# [Problem to work on]
What is needed is an exact reproduction of the lines in the records below, starting at the line with "Little Star New Zealand Myrtle" and ending at the line with "Data Source: NCI DY2, Q2 PPS Quarterly Report", both included, and nothing else; pictures stay out.

# [Excerpted records]
_ _ _ _ _

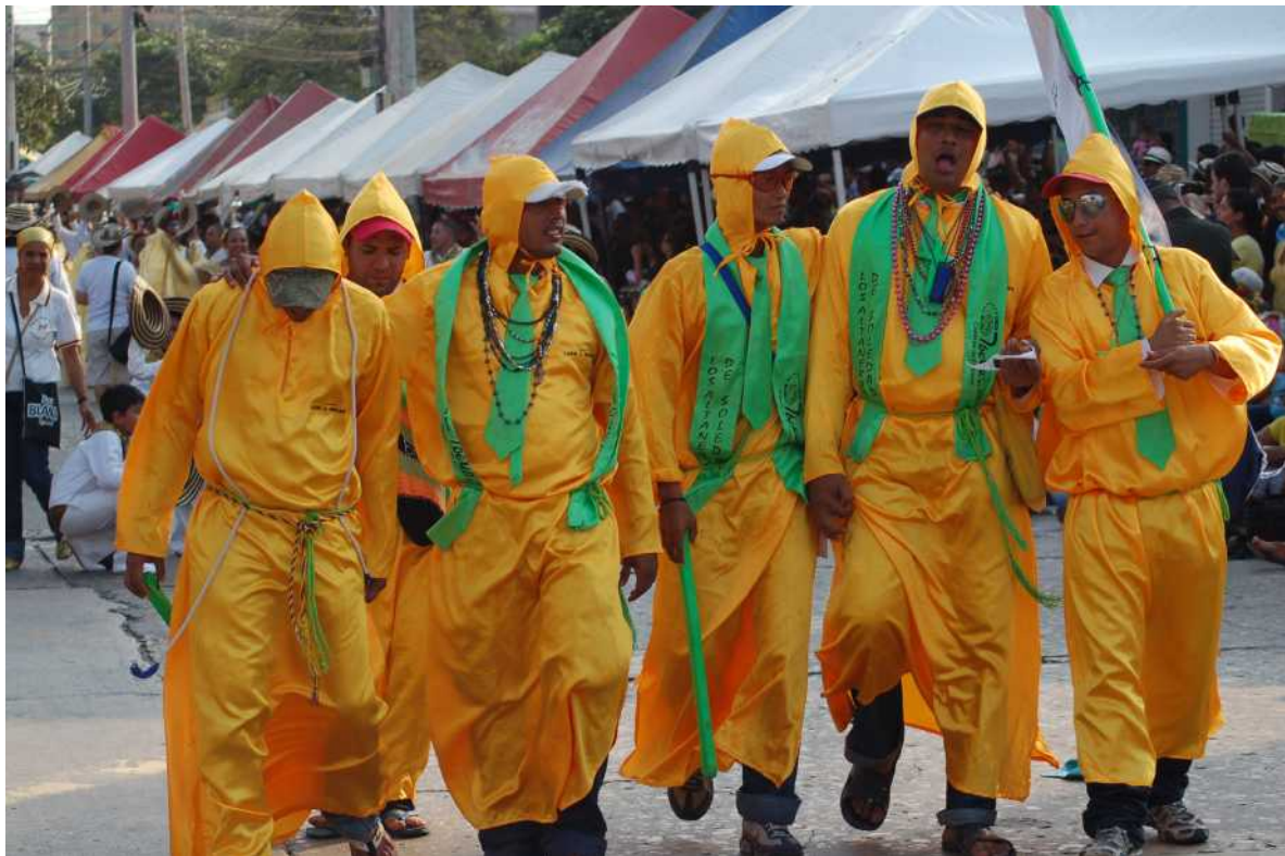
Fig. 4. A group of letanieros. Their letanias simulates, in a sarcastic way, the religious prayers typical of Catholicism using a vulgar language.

_ _ _ _ _

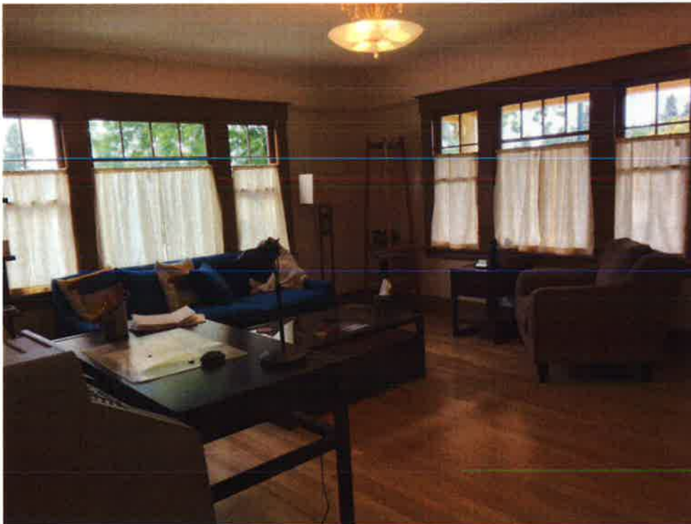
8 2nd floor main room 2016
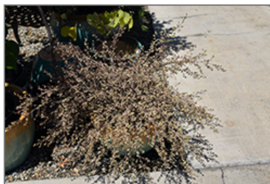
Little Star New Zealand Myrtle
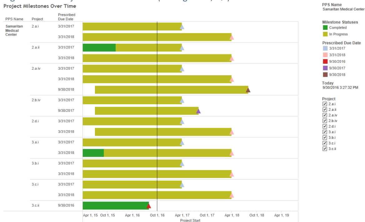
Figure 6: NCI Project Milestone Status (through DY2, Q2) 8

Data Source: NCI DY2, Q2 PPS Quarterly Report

_ _ _ _ _

# [Output of the task]
Little Star New Zealand Myrtle
Figure 6: NCI Project Milestone Status (through DY2, Q2) 8

Data Source: NCI DY2, Q2 PPS Quarterly Report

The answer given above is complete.